Saturday, May 7, 2011

Nerve Center Is Must-See TV


You say you've only got time to watch one program on TV this weekend?
Make it Nerve Center which debuts Sunday night at 8 with back-to-back hour episodes.
First up there's a fast-paced hourlong visit to Grand Central Station --it's a day in the life account about the 3,000 employees and the huge problems in keeping the commuter trains moving.
Then an hour later comes an even more terrific episode --a peek behind the scenes at famous Cirque du Soleil's O production which is performed nightly in Las Vegas.
The Grand Central footage is exciting because it is startling real. No rehearsals. Nothing made up --the cure of most reality shows..
It starts during the early morning rush (at 8:49 a.m.) during the peak that sees one train stuck because of a collapsed bridge --angry riders will have to be mollified and buses despatched as quickly as possible.
We see how security police protect the million daily passengers --since 9/11 the terminal staff have been extra jitterty.
And we watched the well oiled precision when one train is stalled because of an injured passenger --getting her to a waiting ambulance takes only six minutes because it's an almost daily occurrence.
There's the "information lady" handling 1,000 queries an hour. And the team of air conditioning experts who hustle to repair a leaking valve. When the electrical track shorts the experts know one false move and somebody could die. And there are the teams in the boiler room who never see daylight they're so far underground.
This one has been expertly shot like a reality TV outing but without any of the phoniness.
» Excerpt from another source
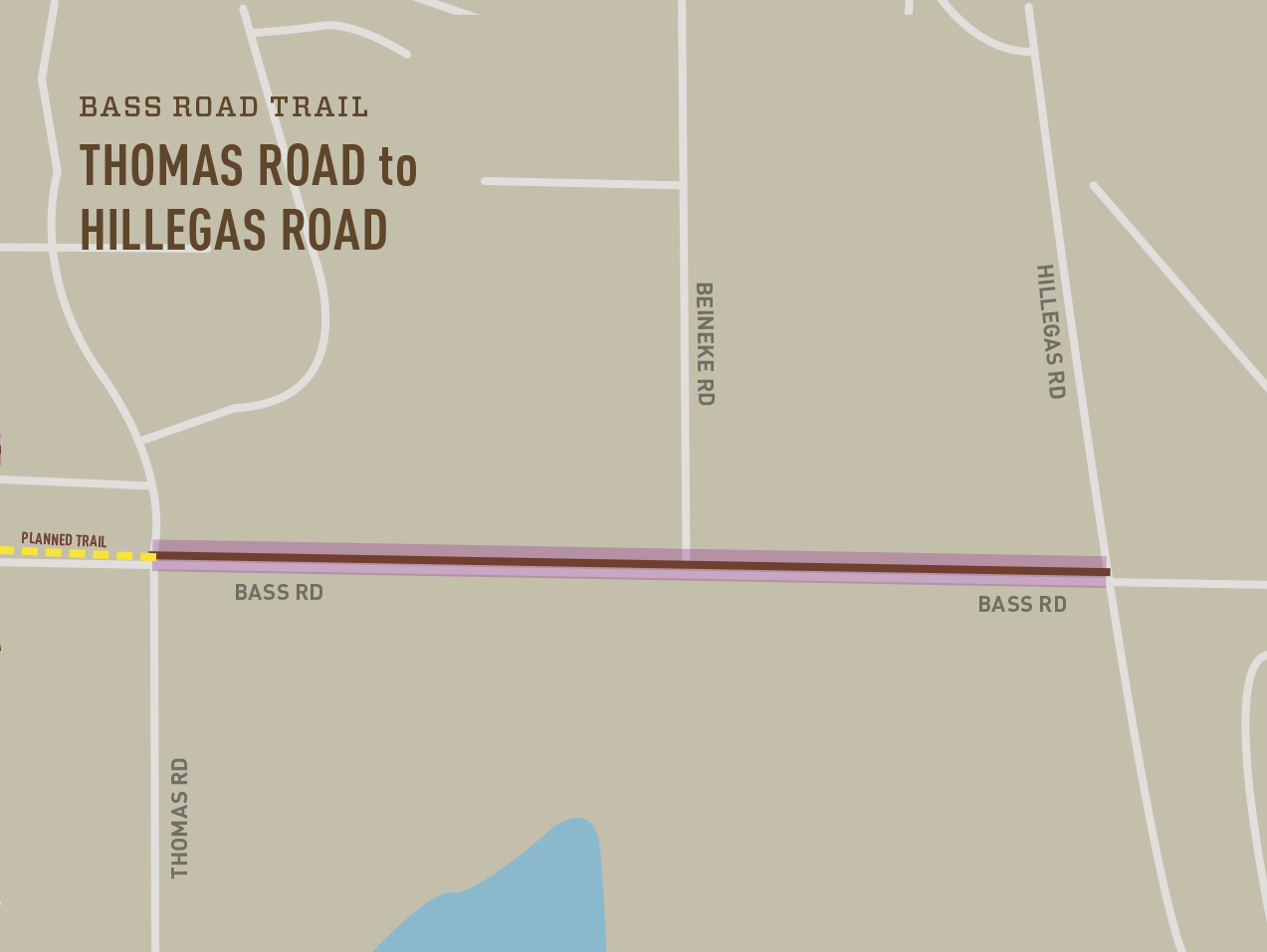 Description: The Allen County Highway Department is building a 10′ wide multi-purpose trail along Bass Road as part of the road-widening project in several phases between 2020 and 2026. Construction has started on this section of trail from Hillegas Rd to N Thomas Rd. This section of trail was completed in November 2021.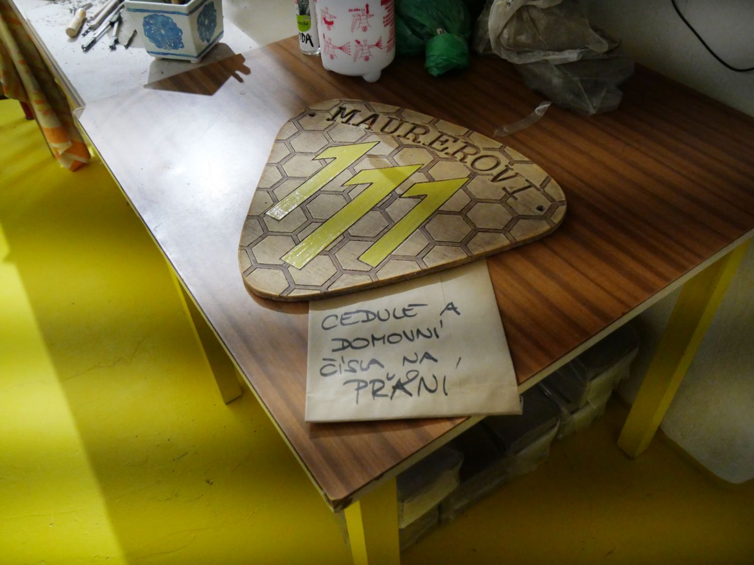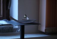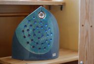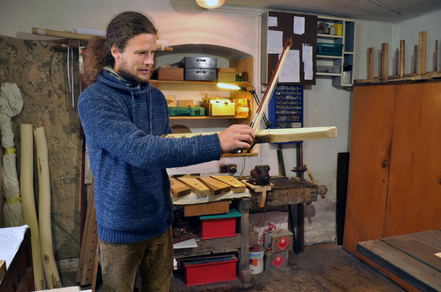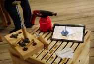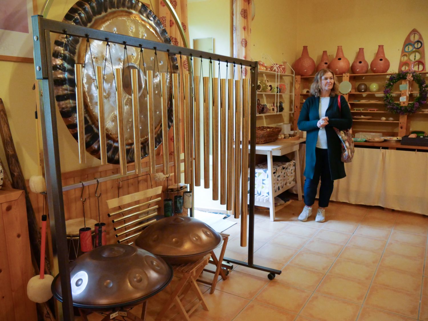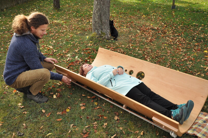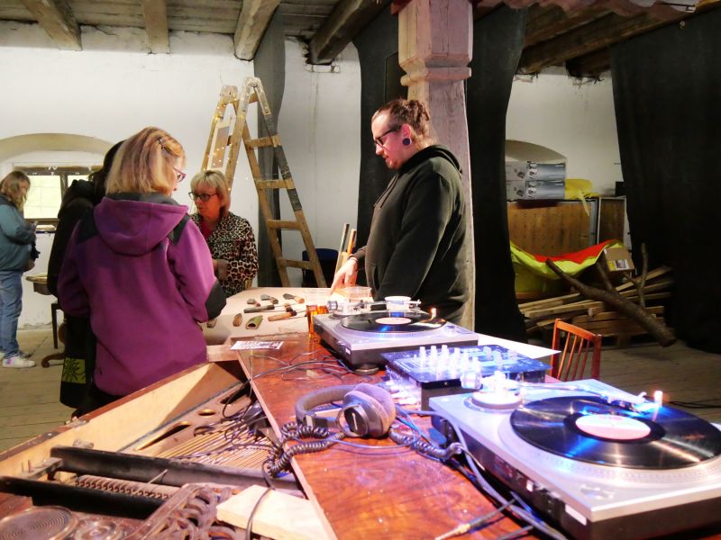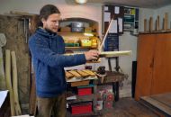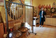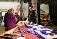 Tomáš Dufek otevřel návštěvníkům svou dílnu netradičních hudebních nástrojů v Dolních Radslavicích. K vidění i vyzkoušení byla třeba rezonanční kolébka z bukového dřeva, jichž vyrobil už patnáct. Využívají je zejména speciální školská zařízení, a to v rámci muzikoterapie. „Vyzkoušejte si její harmonické působení zvukem a vibracemi,“ vybídl umělec manželský pár, který do Radslavic dorazil až z Třebíče. Dílna hudebních nástrojů byla jejich první zastávkou. Krom kolébky si prohlédli kamennou harfu, watephone, žaltář či šamanské bubny, a také stroje a nástroje potřebné k jejich výrobě. Hned z Radslavic se chystali pokračovat i do otevřených ateliérů v Jupiter clubu a sýpce.

The tension here is genuine and thus that more exciting.
In the second hour "Cirque du Soleil: O, Las Vegas" we go behind the scenes at one of the most intricate of live spectaculars.
And not only behind the scenes we see the underwater heroics performed nightly by frogmen to assure the performers are quickly taken care of if their dives are mistimed.
It means seeing how the 85 performers rehearse all afternoon on aerial tricks that could turn deadly with one false move to watching a new girl inherit center stage and be able to perform an amazing plunge with just one afternoon of training.
And we see how all the talents mesh into one seamless act from the army of electricians to the choreographer who has to know when to step back and simply let the performer accomplish the magic. Breathtaking is the only word I can think of to summon up the excitement of this group profile.
Nerve Center is back May 29 with a look at how the Panama canal was completed and a look at the world's busiest airport: Atlanta National Airport.
Nerve Center, made by Exploration Production Inc (EPI), is the best thing on TV this week, I'm sure of it.
NERVE CENTER DEBUTS SUN. MAY 8 ON DISCOVERY AT 8 P/.M/
MY RATING: ****.

1 comment:

Anonymous said...

I had high hopes for this series. However the writing disappoints. Can't they find some other theme than the imminent crisis? Does everything have to be seconds from disaster?

I have really gotten tired of this on Discovery Canada shows.